2. Diagnostic analytics: Effectively an extension of descriptive analytics, this body of analytics delves into the "Why what happened, happened" part of the equation, and hence includes studies toward understanding the structured data set that was formed by descriptive analytics. Everything related to understanding a certain outcome or incident (for example, a spike or slump in sales or conversions, a spike in CPC/CPA, or user attrition) on the website or otherwise can therefore be brought under the umbrella of diagnostic analytics. As this is an extension of descriptive analytics, most marketers today are dabbling with bits and pieces of this, using the mish-mash of tools and platforms that make up their analytics organisations.

3. Predictive analytics: This is the body of analytics that remains largely untouched by the marketers of our age, and the body that deals with the "What will happen" part of the equation. This discipline of advanced analytics deals with not only understanding what happened, but also uses tools to derive an understanding of the potential outcomes on a dependent variable, given an array of independent variables. When the body of descriptive analytics data reaches a certain critical mass ('big data', if you must) where anticipatory studies are possible, then we pass over into the domain of predictive analytics. Thus, predictive analytics can be used to both validate a hypothesis and generate a hypothesis. For example, an ideal candidate for predictive analytics would be: Will demographic factors such as age, income, gender or life stage have a bearing on the type of travel being planned?

4. Prescriptive analytics: If predictive analytics is just the tip of the iceberg, then prescriptive analytics is the iceberg (or glacier) itself. This body of analytics deals with the optimisation question or the "What will happen when, why and how" question—thus pushing the outer perimeters of analytics into the hardly known territory. When the "What will happen" question has been answered by predictive analytics, then it is time to look at "What is the ideal response that an enterprise should make, given the set of outcomes and/or dependent variable reactions that have been predicted using historical independent variable data?” This is the area of deciphering unstructured and often tough-to-predict arrays of multiple independent variables on possible outcomes and taking business decisions that are best suited for the situation.

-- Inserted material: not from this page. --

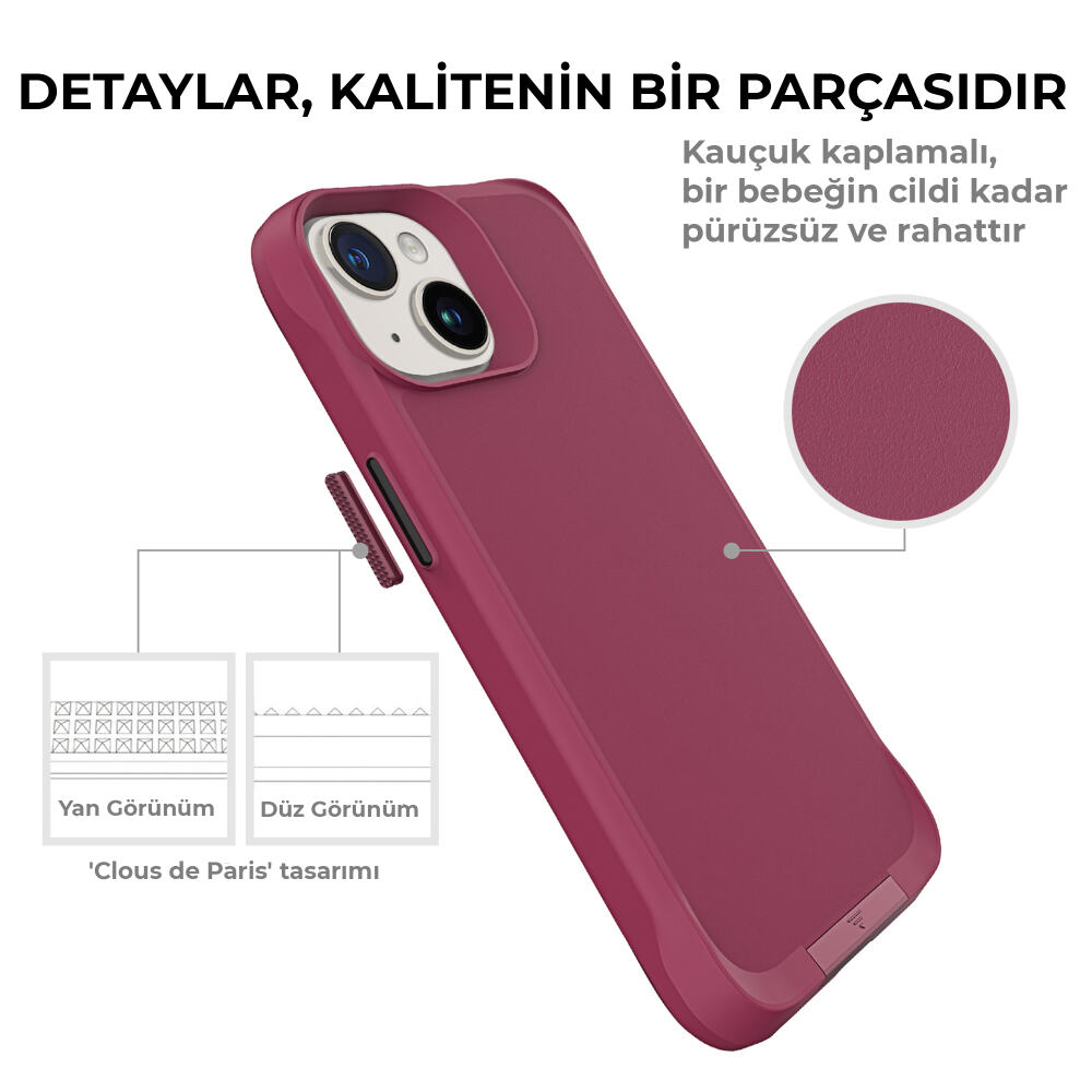 Bix iPhone 14 Plus / 15 Plus Vortex MagSafe Kılıf Stand Özellikli 3X Korumalı Mikro Fiber İç Yüzey Kırmızı

The importance of marketing analytics

A relatively recent Adobe Asia-Pacific digital marketing maturity study found that most Asia-Pacific marketers surveyed had a great mindset about marketing performance and measurement, but when it came to organisational alignment and skill sets, the scores looked very sorry indeed. The study also reported that Asia-Pacific marketers surveyed are still looking at plain-Jane myopic short-term metrics such as customer acquisition costs and campaign ROI, as opposed to forward-looking metrics such as return on advertising spends, cross-media value and impact, customer lifetime value, online versus offline revenue, and so on. 

Contrast this with the latest report by Strategy Analytics, that reported that 2012 ad spends touched US$462 billion and were expected to grow further by 4 per cent in 2013. The Global Advertising Forecast also predicts that online ad spending will increase by 14 per cent in 2013 to $102 billion, accounting for 21 per cent of global ad spending, while traditional advertising spending is expected to remain largely unchanged from 2012.  While the US still retains its position as the largest market globally, at 34 per cent share, Japan and China are snapping at its heels and it is only a matter of time before the tide starts turning.

Without embarking on yet another reverie on the stratospheric growth of the Asia-Pacific region in the mobile, social and overall digital space, does it not suffice for me to say that the importance of understanding the real impact of the marketing dollars has reached dizzying proportions already?

Is it not time for large and small enterprises alike to put some serious thinking caps on toward overcoming the factors that make up this Achilles heel—strategy, budgets, policies, talent gaps and, above all, a willingness to embrace change—and establish unified and robust measurement and analytics systems?

Hari Shankar is director of client services and director of Perfomics APAC.